Stick to baseball, 5/20/23.

I had two new posts this week for subscribers to the Athletic – a minor league scouting notebook on prospects with the Brewers, Pirates, and Phillies; and a draft scouting notebook looking at Max Clark, Dillon Head, Mac Horvath, and more.

My guests on the Keith Law Show the last two weeks have been Max Bazerman, discussing his new book Complicit: How We Enable the Unethical and How to Stop; and Russell Carleton, talking about his upcoming second book The New Ballgame: The Not-So-Hidden Forces Shaping Modern Baseball. You can listen and subscribe via iTunes, Spotify, Stitcher, amazon, or wherever you get your podcasts.

Just a reminder you can also find me on Spoutible and Bluesky as @keithlaw.

And now, the links…

  • The science behind reverse osmosis filtering was unclear, until a paper published in April upended the previous model and opened up the possibility of new membranes that make filtration, including desalination, more energy-efficient.
  • A conservative “foundation” recruited fifteen men at a Poughkeepsie homeless shelter to pretend they were veterans kicked out of a hotel to make room for migrants coming up from New York City.
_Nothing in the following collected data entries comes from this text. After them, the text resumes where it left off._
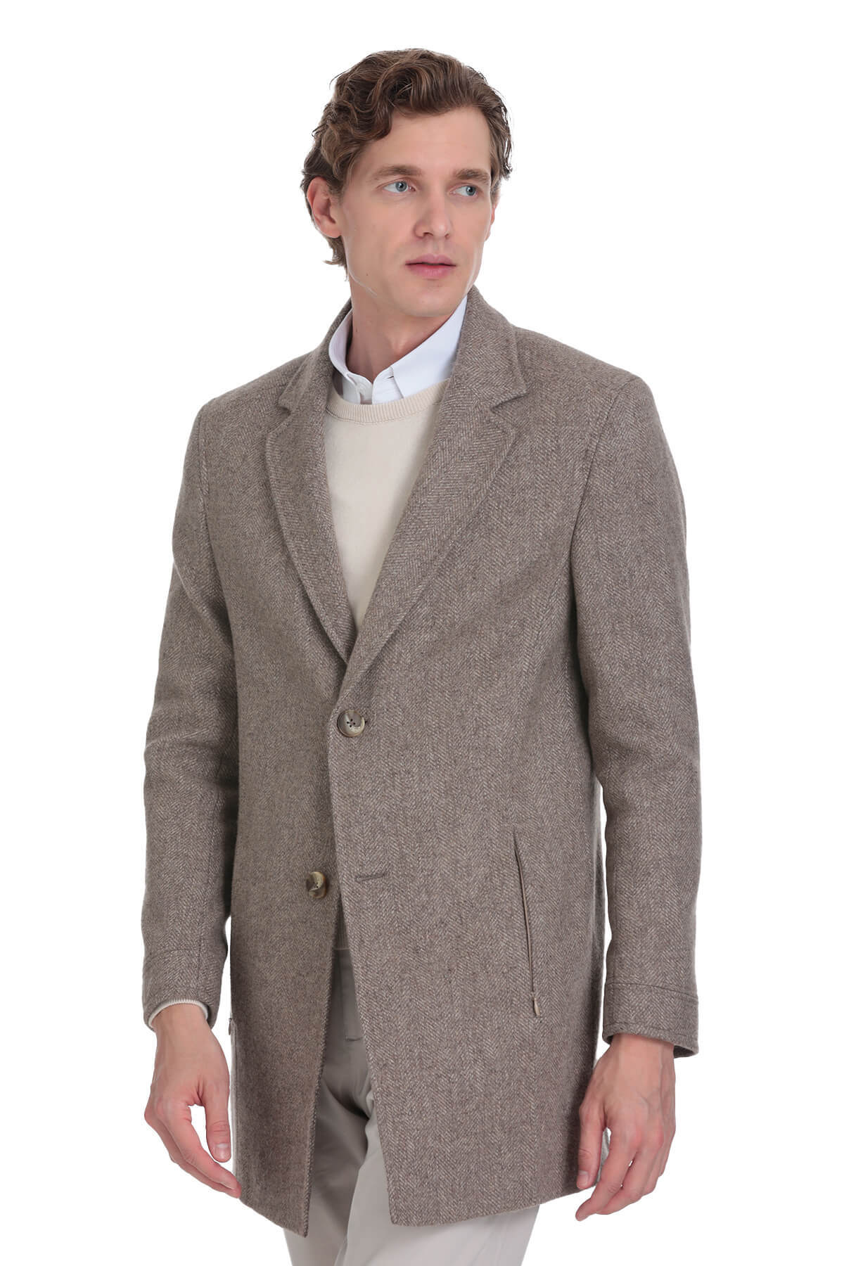 Kahverengi Slim Fit Ceket Yaka Yünlü Kaşe Palto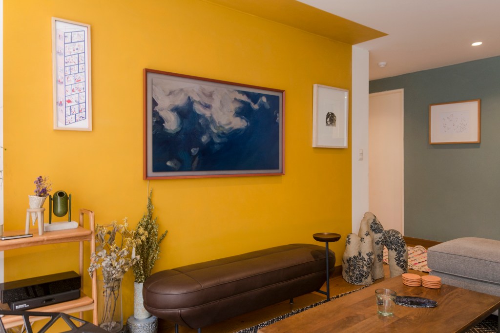 La cocina se fusiona con la sala, que está decorada con un cuadro pintado por la propia Kiara y una pared amarilla que le da vida. Y hay más colores. La pared de ingreso la pintaron de verde ellos mismos, pese a que no sabían muy bien cómo hacerlo. “Pensé que era como el óleo y le puse demasiada agua a la pintura”, recuerda Kiara entre risas. “Cuando veo fotos del depa con las paredes blancas no lo puedo creer”.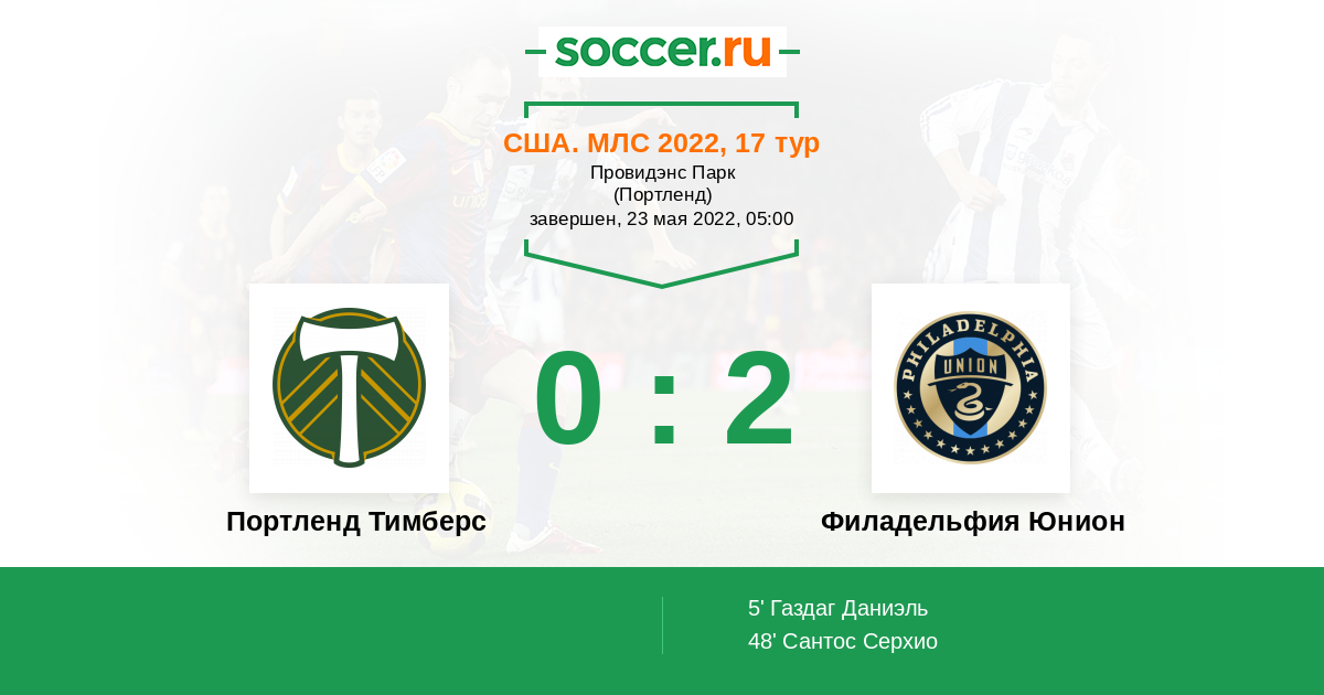Протокол матча Портленд Тимберс против Филадельфия Юнион

The plan fooled state Assemblyman Brian Maher (R), who fed the outrage machine until he had to admit he’d been had.
  • Bryan Slaton has resigned his post in the Texas legislature after it emerged that he’d behaved inappropriately with an intern. The Republican once introduced legislation to ban children from attending drag shows, claiming it was some form of grooming.
  • I agree with everything in this Mary Sue post about the disappointing S3 of Ted Lasso, which has none of the things that made the show good in its first two seasons. But at least the episodes are longer!
  • The Arab League has quietly reinstated Syria, more than a decade after the nation and its murderous dictator President Bashad al-Assad were expelled for violent reprisals against protestors leading up to the country’s 12-year civil war.

Comments

  1. Brian in NoVA

    This quote from the Colorado article is beyond infuriating:

    “It is terribly important to be a disengaged citizen, and indeed, a disengaged student,” said David Randall, research director at the National Association of Scholars, a conservative organization that created the standards last year.

    A disengaged citizen and a disengaged student is important? Only if you want a dumb and disengaged citizenry. They’re openly giving up the game. Also the superintendent getting rid of mental health staff in favor of purely academics is a moron. There’s plenty of evidence that students do worse when dealing with mental health issues or are distracted. I had a family ordeal in high school that was taking a mental toll and one of my teachers (who was a former neighbor) pulled me aside a day or two into it and asked me “what’s wrong at home and don’t tell me you’re fine because I’ve known you long enough to know that you’re not being your normal self”. He made sure I saw a guidance counselor for a few weeks and let other teachers what I was dealing with. As a result, I managed to do well the rest of the quarter. If he hadn’t said something, I could’ve easily had issues and had some struggles.

    • A Salty Scientist

      This is why even non-parents need to follow school board elections. We’re in a fairly progressive enclave within a red state, and have had right wing nutjobs try to sneak their way onto the school board hoping that nobody was paying attention at election time.

    • A Salty Scientist

      And sheesh, I thought “disengagement” must have been a typo, but nope. They really are encouraging apathy.

  2. Why do we think Brian Maher was fooled rather than in on the scam?

  3. Another problem with Ted Lasso this season has been the focus on characters no longer associated with the team. Keeley is the worst, most annoying character on the show, and she has nothing to do with anything other than she’s still the owner’s friend. They could have dedicated a lot more time to Phoebe instead and it would have been a lot more fun. And Nate’s inner battle of wanting to be the Jose Mourinho lookalike and please his boss but trying to convince himself he’s a nice guy isn’t compelling since he isn’t playing off Ted and the other coaches. The season has had many laugh out loud moments, but they always seem random rather than being cohesive.

  4. I bailed on Ted Lasso in season 2 after the god-awful Christmas episode. Sounds like I’m not missing much.